Step 1: Preprocess the image
First of all, thanks to Dat Tran's blog about the Raccoon Detector at https://towardsdatascience.com/how-to-train-your-own-object-detector-with-tensorflows-object-detector-api-bec72ecfe1d9
First, I downloaded 200 photos of Taylor Swift from Google Images. Here is a Chrome plugin for Amway: Fatkun Batch Download Image, which can download all image search results. Before labeling, I divided the pictures into two categories: training and testing. In addition, I wrote a script that resizes the image (https://github.com/sararob/tswift-detection/blob/master/resize.py) to ensure that the width of each image does not exceed 600px.
Since the detector will tell us the position of the object in the graph, you can't directly use the image and label as training data. You need to circle the object with a border and label the frame (in our dataset, you only need one tag tswift).

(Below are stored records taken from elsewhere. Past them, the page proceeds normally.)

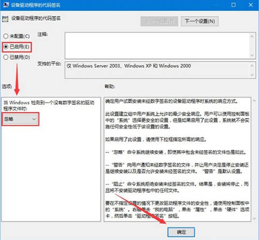 3、这时会打开该项的设置窗口,在这里选择“已启用”设置项,接着在下面的选项下拉菜单中,选择“忽略”菜单项,最后点击确定按钮;如图所示: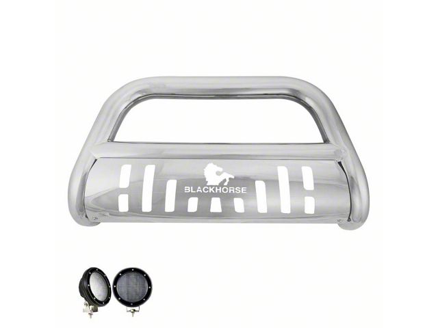 Description. Polished Stainless Steel Bull Bar Kit (BBJPWR18-SP-PLFB) by Black Horse Off Road compatible with 2018-2023 Jeep Wrangler JL / 2020-2023-Jeep Gladiator. No-Drill/ Vehicle-Specific Application for Custom Fit. Environmentally friendly option to chrome-plating. Solid frame-mounted bolt-on. Welded 1-piece construction. Rust-resistant Stainless-Steel, mandrel-bent tubing. Removable skid plate. Comes with a set of 5.3” Black Round Flood LED Lights. Includes Installation Instructions & Mounting Brackets & Hardware. May interfere with front sensors if equipped. Limited Lifetime Manufacturer’s Limited Warranty.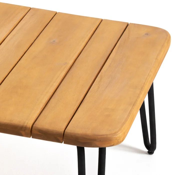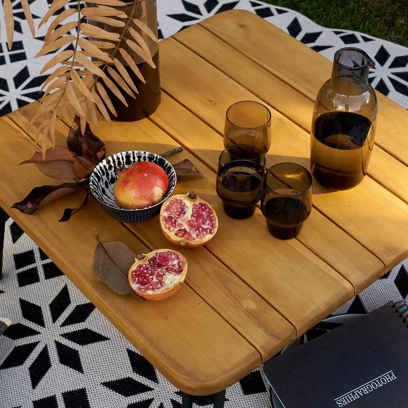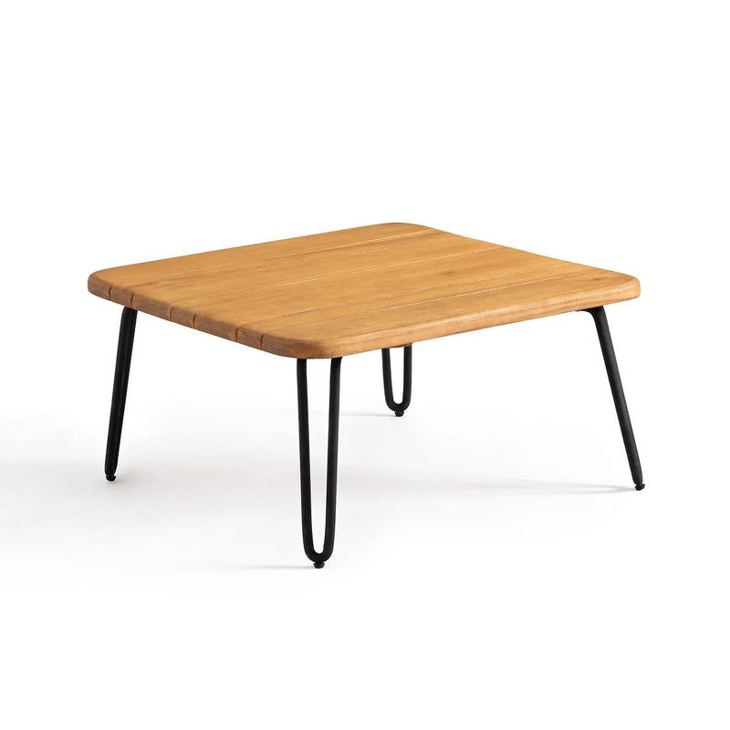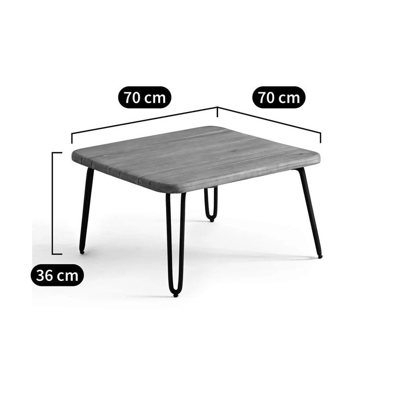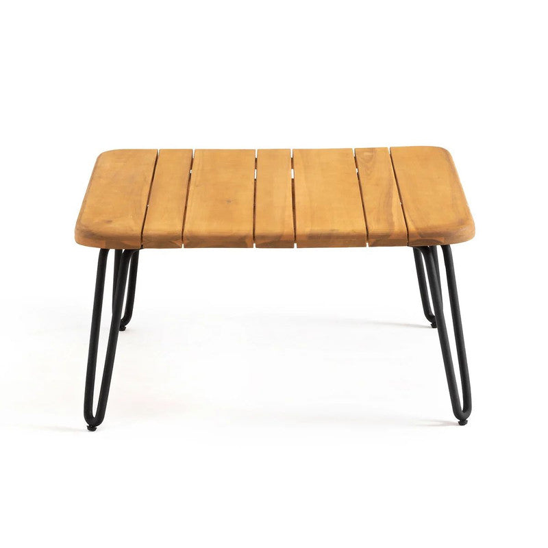 Introducing our outdoor coffee table, the perfect addition to your outdoor seating area. This table features a acacia tabletop that adds a touch of natural elegance, while its metal legs provide stability and durability. The foldable design allows for easy storage and can be leaned against a wall, making it space-saving and versatile. Enjoy a cozy and functional outdoor space with our compact and stylish outdoor coffee table.

The bordering tool still uses LabelImg, which is a Python-based program. You only need to enter the tagged image, it will output an xml file, and each photo will be bordered with related tags (less than one am I I have processed 200 pictures). Here's how it works (tag input is tswift):
Then LabelImg generates an xml file:
Now I have a picture with a border and a label, but I also want to convert it to a way that TensorFlow accepts - a binary representation of the data TFRecord. This method can be viewed on GitHub. To run my script, you need to download a tensorflow/models and run the script directly from tensorflow/models/research with the following parameters (run twice: once for training data and once for test data)
Python convert_labels_to_tfrecords.py \
--output_path=train.record \
--images_dir=path/to/your/training/images/ \
--labels_dir=path/to/training/label/xml/
Step 2: Training the detector
I can train this model on a laptop, but it will take a long time and take up a lot of resources. And once I need to do something else with my computer, the training will be interrupted. So, I chose the cloud! We can use the cloud to run multiple cross-core trainings, complete the entire work in a few hours, and use the Cloud ML engine faster than the GPU.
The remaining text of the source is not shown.